12th June 2012
Some six months ago in Get real, we asked whether US treasuries could be described as ‘investments' in any meaningful way. At the time 30-year US debt was yielding 3% whereas now it yields 2.8% – in other words, the market is allowing the US government to borrow money for 30 years at 2.8%.
Ask anyone whether they think interest rates in the US over the next 30 years will average out at 2.8% and they are likely to see that as too low – indeed even the uber-bears, who are suggesting the US is going to be Japan all over again, would probably see that as unlikely. Yet many people would still buy treasuries on that yield today because they are seen as a safe haven.

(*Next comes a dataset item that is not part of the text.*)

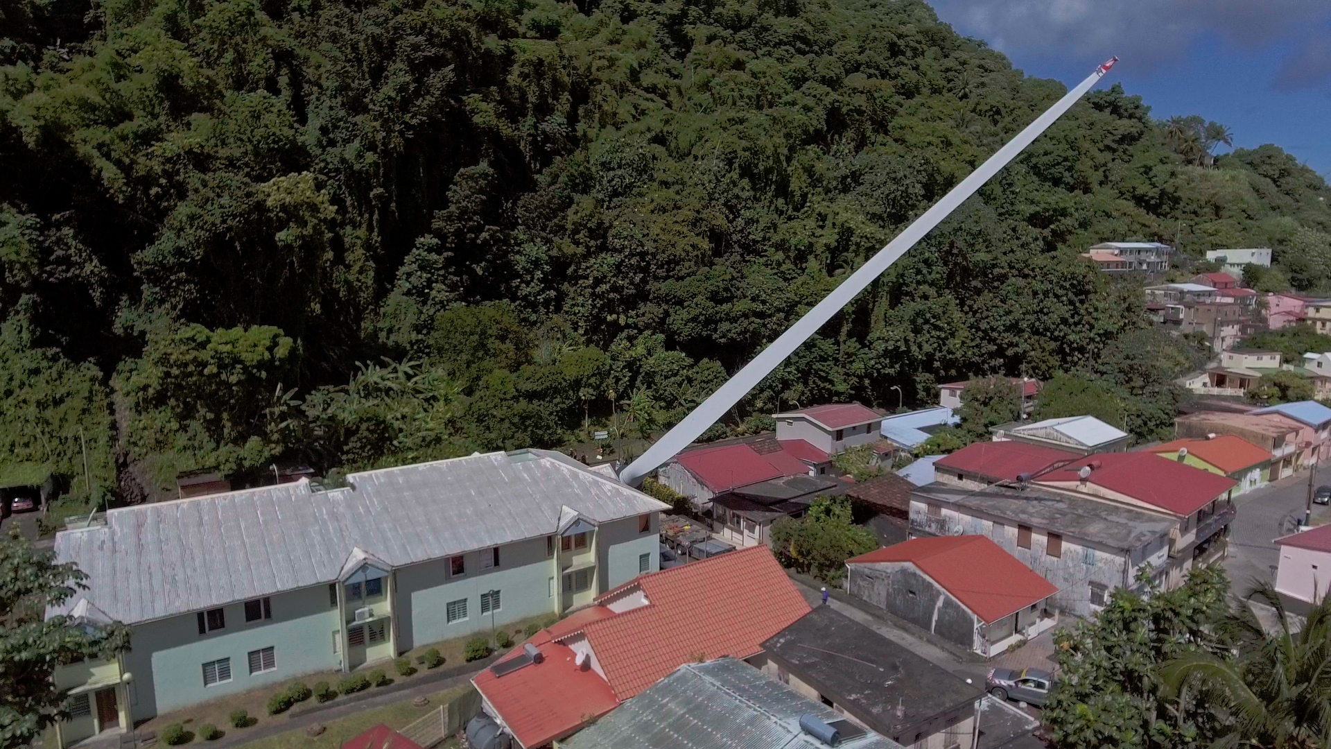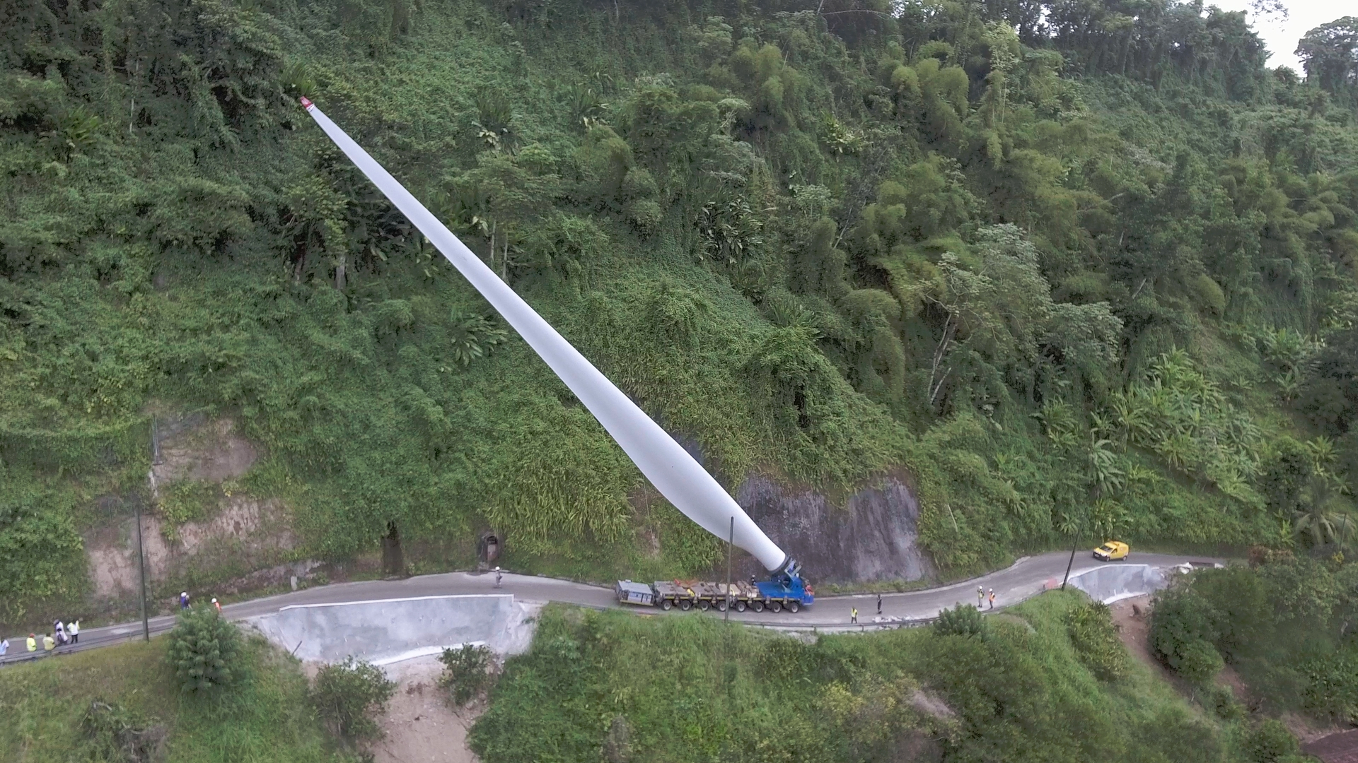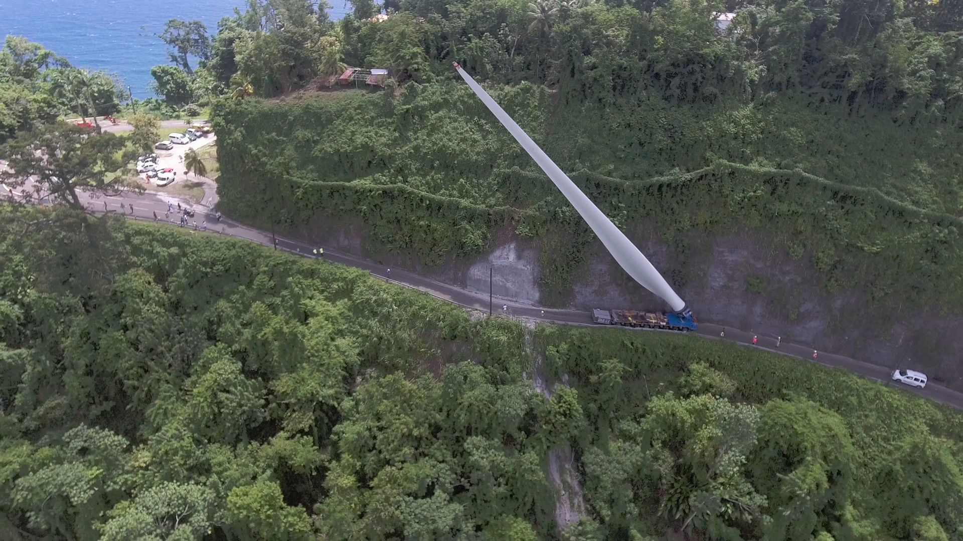Hier avait lieu à Grand-Rivière le transport d’une pale d’éolienne à Grand-Rivière. Un convoi exceptionnel impressionnant à voir en images et vidéo.

Pausing only to suggest they might do well to reflect how safe their investment really is on such a valuation, we will move onto the real focus of this piece – the yields at which two of the UK's largest companies have been able to raise debt in recent weeks. Diageo and GlaxoSmithKline both issued bonds for various lengths of time or ‘duration' but, to take the longest period for each as an example, Diageo raised $500m (£318m) for 30 years at 4.25%, while Glaxo raised $2bn at 2.85% over 10 years.
Regular visitors to The Value Perspective will know we prefer businesses with low debt to those with high levels of gearing, but here comes the exception that proves the rule. If a company is able to borrow for 30 years at around 4%, then – with the obvious proviso that it has a reasonably prudent balance sheet – it should be taking on as much debt as it can.